I doubt Racket can be used directly as it was not designed to work
with programmer managed memory, but it could be used as a cross
development environment.  For reference there is Scheme48 which was
designed for embedded use.  Scheme48 compiles to C and does /not/ use
GC but rather forces the programmer to manage memory explicitly.
However, there's no particular need to go through C if you're willing
to write your own compiler and runtime.

>That would boil down to partially evaluating racket specializing it to the 
>target program, I don't think tools like `raco exe`, `raco distribute` etc. 
>go so far that they would try to eliminate
>base language features, which probably aren't "unused" anyway in any 
>reasonably complex program.

Yeah, I think some significant work would have to be done to separate
'base' into smaller libraries ... if that even can be done at all.

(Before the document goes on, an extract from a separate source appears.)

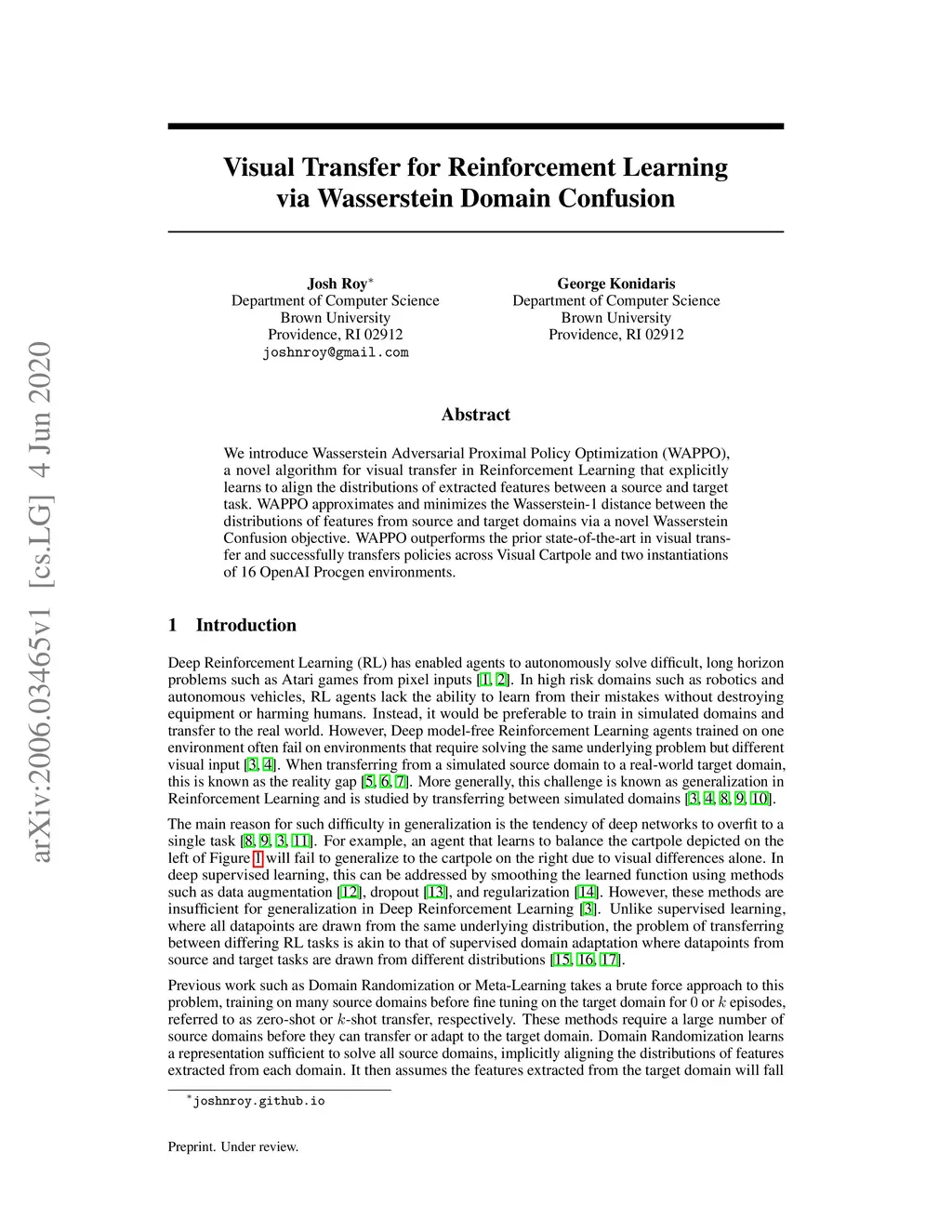We introduce Wasserstein Adversarial Proximal Policy Optimization (WAPPO), a novel algorithm for visual transfer in Reinforcement Learning that explicitly learns to align the distributions of extracted features between a source and target task. WAPPO approximates and minimizes the Wasserstein-1 distance between the distributions of features from source and target domains via a novel Wasserstein Confusion objective. WAPPO outperforms the prior state-of-the-art in visual transfer and successfully transfers policies across Visual Cartpole and two instantiations of 16 OpenAI Procgen environments.

>Said another way: I think in a lot of cases it is easier to start creating 
>a program with a language with less features, than trying to get rid of 
>certain features after the program was already written using these 
>features. If you start out without the features it is easier to reason 
>about what features are worth implementing, for the particular program and 
>what is over-engineered for the use-case.
>That is just my perspective, I think there are many approaches to this, 
>depending on the circumstances and concrete goals.
>
>Simon

As a technical matter, GC works fine in small memory as long as it is
designed for that purpose.  The problem is that the GCs employed by
(BC and CS versions of) Racket were /not/ designed for particularly
small systems.

But the design space of GC is large, and collectors have been designed
to work in almost every environment except HRT with sub-millisecond
deadlines.  There are systems that are completely deterministic and
which can be used for HRT as long as the periods when the mutator must
be stopped are short enough for the purpose.